→ What to produce
Look below for the line that contains "Hinata Hyuga embodies", then quote it and all the lines after it, exactly, with the pictures left out.

→ Exercise data

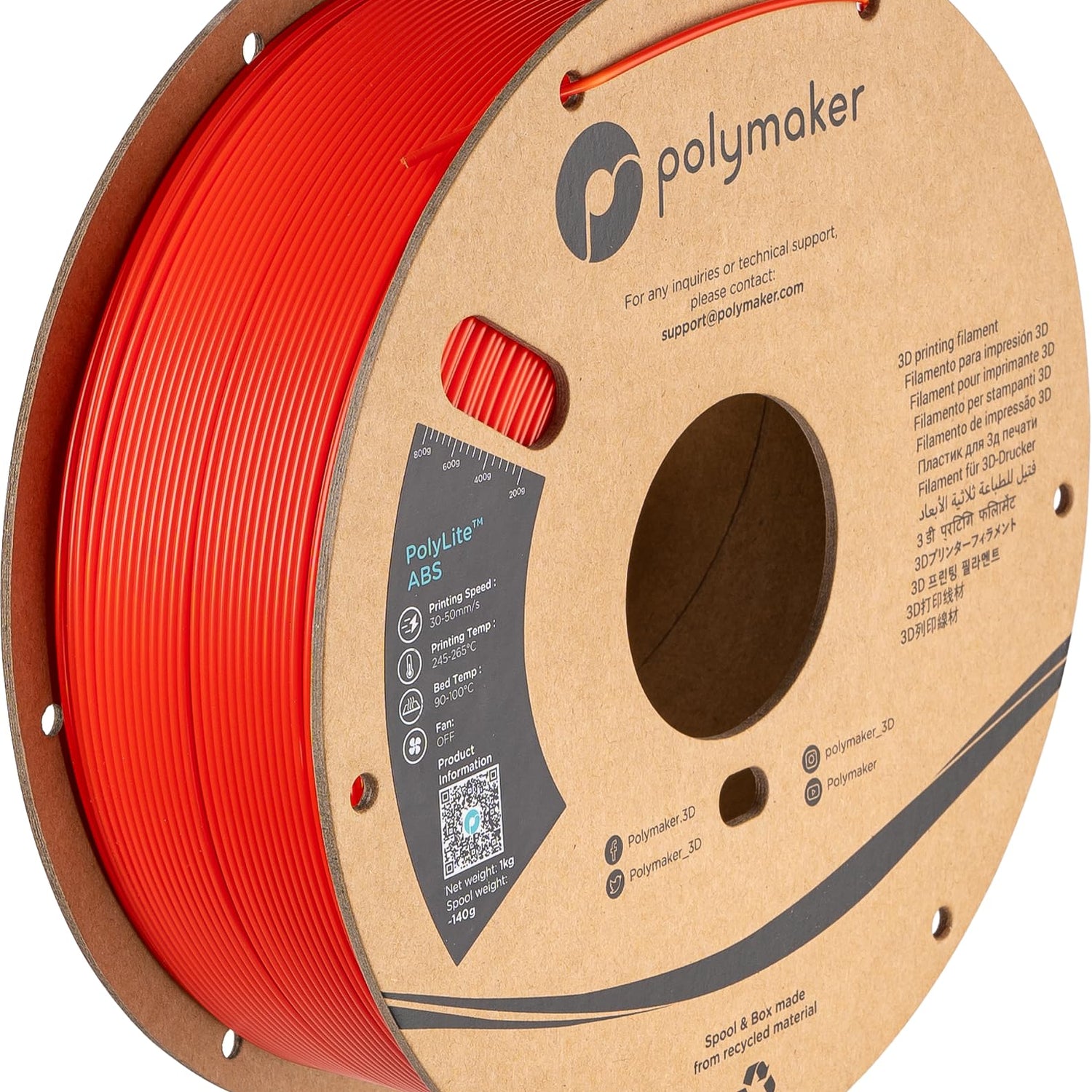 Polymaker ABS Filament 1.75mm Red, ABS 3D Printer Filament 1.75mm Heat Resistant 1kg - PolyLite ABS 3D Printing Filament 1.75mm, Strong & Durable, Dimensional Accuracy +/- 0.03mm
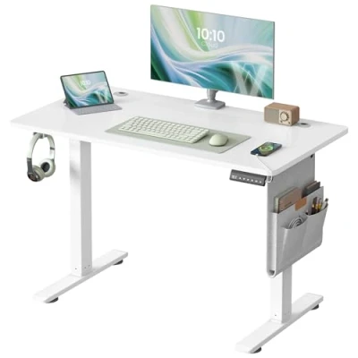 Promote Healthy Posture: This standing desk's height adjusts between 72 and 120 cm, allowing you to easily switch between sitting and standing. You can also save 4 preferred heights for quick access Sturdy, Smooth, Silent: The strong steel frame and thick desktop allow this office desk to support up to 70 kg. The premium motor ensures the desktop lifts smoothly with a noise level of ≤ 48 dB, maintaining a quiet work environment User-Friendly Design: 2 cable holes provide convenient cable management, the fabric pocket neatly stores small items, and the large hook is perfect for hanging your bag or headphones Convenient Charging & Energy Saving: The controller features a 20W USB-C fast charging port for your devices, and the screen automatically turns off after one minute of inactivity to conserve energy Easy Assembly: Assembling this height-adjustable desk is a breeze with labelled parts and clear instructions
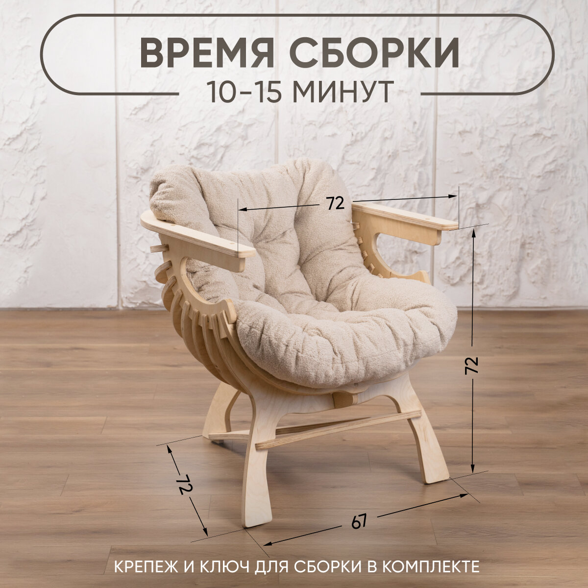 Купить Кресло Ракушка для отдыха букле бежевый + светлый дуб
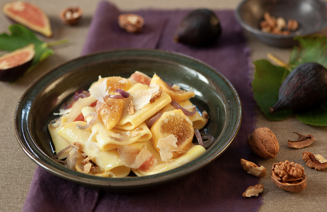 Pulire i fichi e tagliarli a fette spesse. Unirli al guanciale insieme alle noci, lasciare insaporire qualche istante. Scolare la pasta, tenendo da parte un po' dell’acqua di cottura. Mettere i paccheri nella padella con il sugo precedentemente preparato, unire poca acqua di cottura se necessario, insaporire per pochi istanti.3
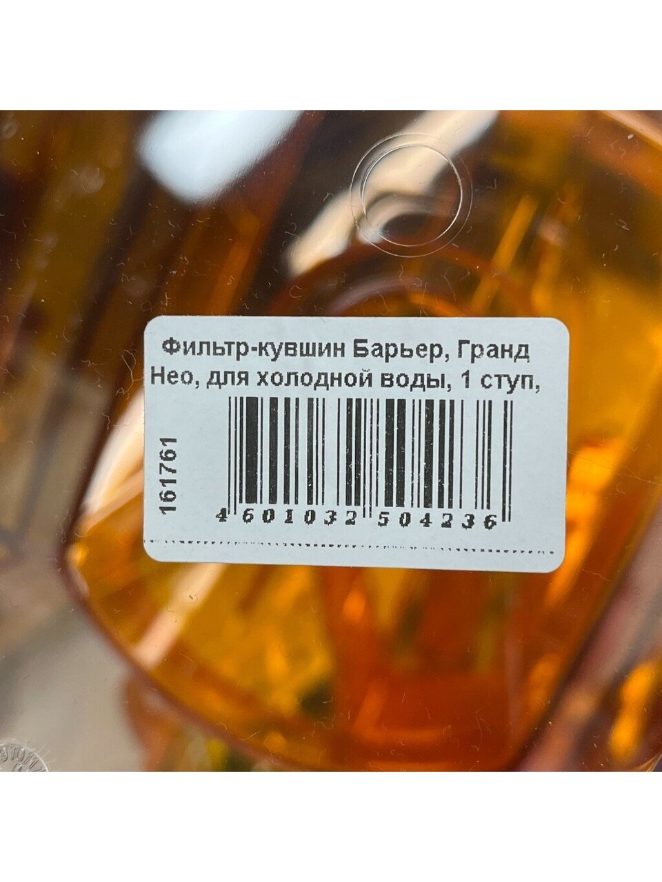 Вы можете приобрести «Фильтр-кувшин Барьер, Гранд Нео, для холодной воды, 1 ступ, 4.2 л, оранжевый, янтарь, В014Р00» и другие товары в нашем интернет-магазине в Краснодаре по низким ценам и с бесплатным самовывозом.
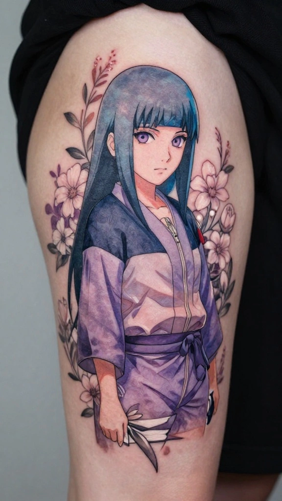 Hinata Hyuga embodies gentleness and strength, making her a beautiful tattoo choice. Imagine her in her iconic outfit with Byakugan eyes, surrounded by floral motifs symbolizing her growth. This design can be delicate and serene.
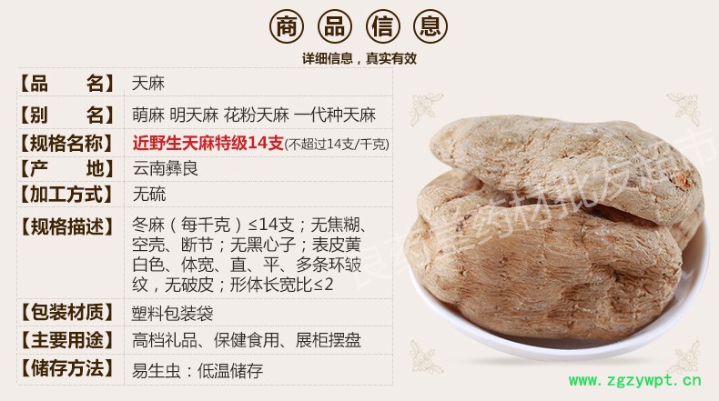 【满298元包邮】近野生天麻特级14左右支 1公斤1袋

→ Output of the task
 Hinata Hyuga embodies gentleness and strength, making her a beautiful tattoo choice. Imagine her in her iconic outfit with Byakugan eyes, surrounded by floral motifs symbolizing her growth. This design can be delicate and serene.
 【满298元包邮】近野生天麻特级14左右支 1公斤1袋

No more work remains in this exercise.